Latest press releases

Redazione ufficio stampa

Read the latest press releases and search the archives of TIM Group's Press Office. Read more

TIM: Shareholders’ meeting approves the 2023 financial statements and renews the Board of Directors and the Board of Statutory Auditors

04/23/2024 - 01:45 PM

TIM’s Shareholders’ Meeting was held today, in compliance with the provisions set out in Law Decree no. 18/2020 and subsequent amendments– therefore without shareholders being physically present – with the participation of 50,77% of the ordinary share capital of the Company.

The Shareholders’ Meeting:

  • approved the financial statements at 31 December 2023 of TIM S.p.A. which was closed with a net loss of 995 million euros, covered through full use of the share premium reserve and withdrawal from the legal reserve (over 52% votes in favour);
  • did not approve both sections of the report on the policy regarding remuneration and fees paid (section 2.1 of the Agenda with 41.98% votes in favour, 7.84% against, 50.8% abstaining; section 2.2 of the Agenda with 42.35% votes in favour, 7.45% against and 50.9% abstaining);
  • appointed a Board of Directors of 9 members for the three-year period 2024-2026 (until approval of the financial statements for the year ending 31 December 2026) setting the maximum total remuneration of the entire body (excluding the Directors holding special offices) at 1,300,000 euros per year gross, the distribution of which will be decided by the new Board;
  • appointed the new Board of Statutory Auditors for the three-year period 2024-2026 (until approval of the financial statements for the year ending 31 December 2026).
  • did not approve the amendments to the 2022-2024 Stock Options Plan proposed by the outgoing Board of Directors (with 45.97% votes in favour, il 3.72% against and 50.21% abstaining);
  • considering the resolution to cover the loss for the 2023 financial year through the use of reserves partially subject to tax suspension, has not approved the proposal to reduce the corresponding equity items permanently, excluding their subsequent reconstitution, without prejudice to the provisions of Article 2430 of the Italian Civil Code (with 49.81% votes in favour, 0.03% against and 50,1% abstaining).

For the appointment of the Board of Directors, the majority slate, which obtained about 48.97% of the votes, was the one submitted by outgoing Board of Directors, and therefore the following six Directors were chosen from it:

1.       Alberta Figari (Chairman)*

2.       Pietro Labriola (Chief Executive Officer)
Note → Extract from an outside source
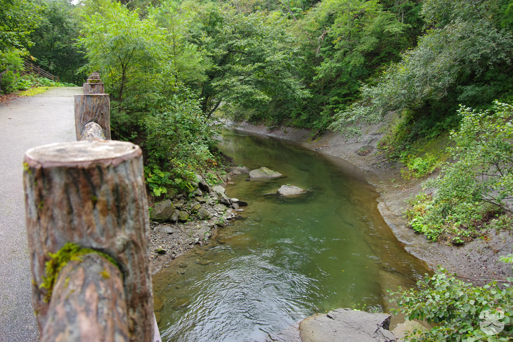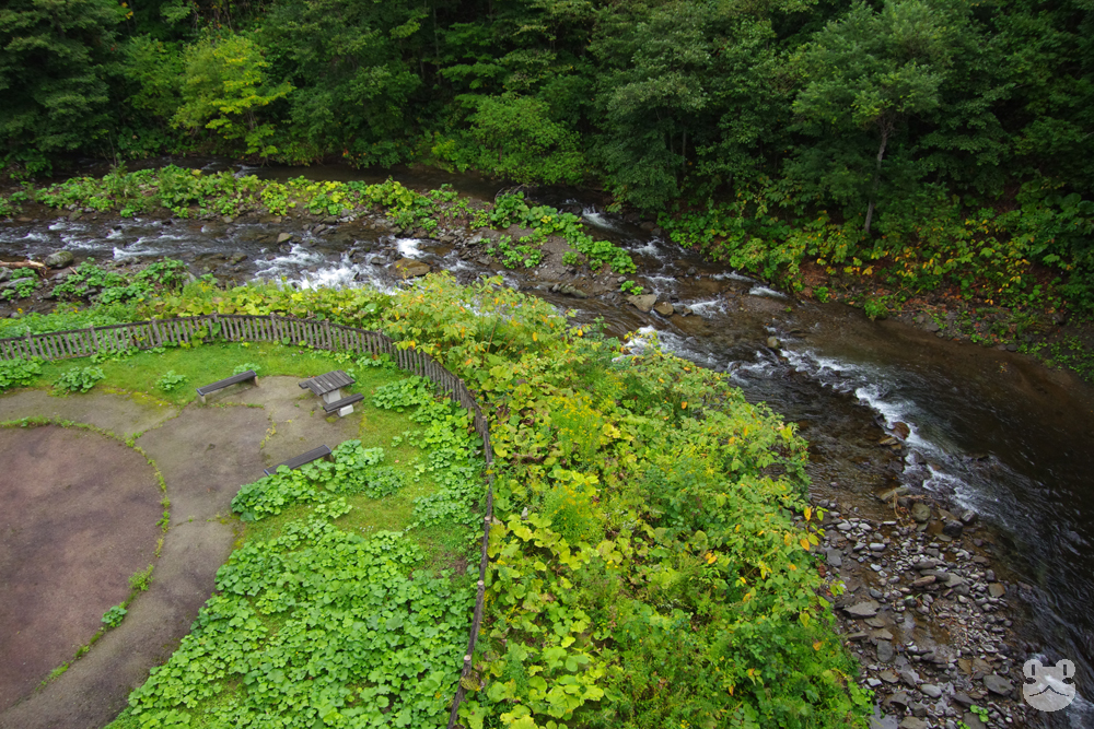 来た道を戻り、道道へ出て清水橋を渡った先、ラルマナイ郷橋の途中に半円形の展望スペースがあるのでそこから眺めてみる。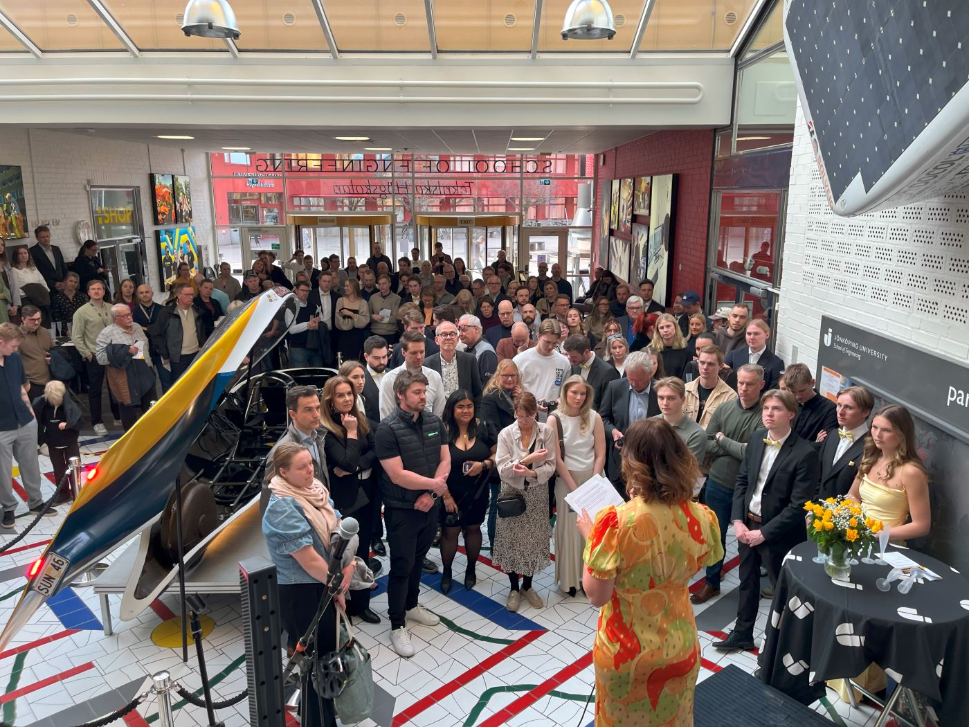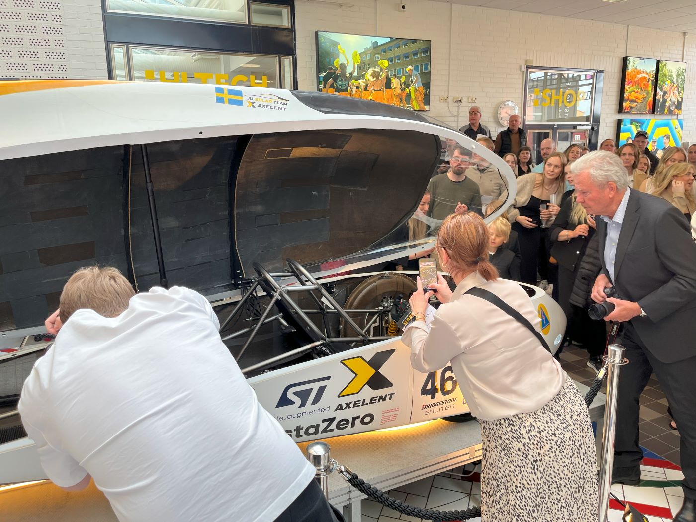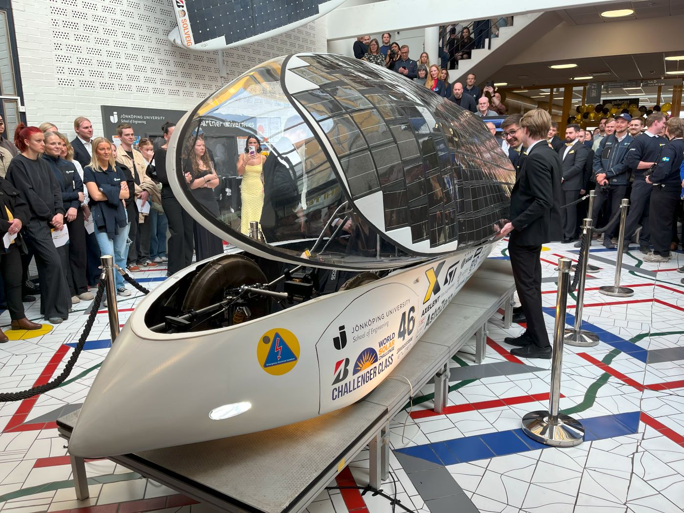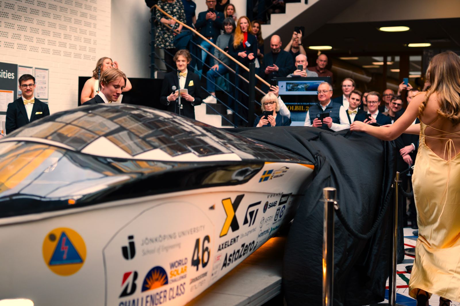 JU Solar Team hade avtäckning för sin solbil inför cirka 300 personer i Tekniska Högskolans entréhall den 10 april.

3.       Giovanni Gorno Tempini

4.       Paola Camagni*

5.       Federico Ferro Luzzi*

6.       Domitilla Benigni*

From the list filed by Merlyn Partners SCSp, which obtained 2.38% of the votes, the following Directors were elected:

7.       Umberto Paolucci*

8.       Stefano Siragusa

From the list filed by Bluebell Capital Partners Limited (as manager of the Bluebell Active Equity Master Fund ICAV), which obtained 1.01% of the votes, the following Directors were elected:

9.       Paola Gianotti De Ponti*

The Directors whose names are marked with an asterisk declared they meet the independence requirements.

As regards the Board of Statutory Auditors:

  • the slate submitted by Vivendi S.E.  obtained over 75.39% of the votes and therefore qualified as the majority slate;
  • the slate submitted by a group of fund managers and SICAVs obtained over 17.63% of the votes.

The candidate at the top among the Standing Auditors from the minority slate, Francesco Fallacara, was appointed Chairman of the control body, in accordance with the law and the Articles of Association.

The Board of Statutory Auditors is therefore composed as follows:

Standing Auditors:

1.       Francesco Fallacara - Presidente

2.       Anna Doro

3.       Massimo Gambini

4.       Francesco Schiavone Panni

5.       Mara Vanzetta

Alternate Auditors:

1.       Massimiliano Di Maria

2.       Laura Fiordelisi

3.       Paolo Prandi

4.       Carlotta Veneziani

The Shareholders’ Meeting established the overall remuneration of the Board of Statutory Auditors as 135 thousand euros gross per year for the Chairman, 95 thousand euros gross per year for each Standing Auditor and an additional 15 thousand euros gross per year for the Standing Auditor called to join the Supervisory Body.

The curricula vitae of the Directors and Statutory Auditors are available in the Shareholders’ Meeting section of the Company website www.gruppotim.it.

As is standard practice, the Board of Directors will meet tomorrow to ascertain the requirements and confer the offices.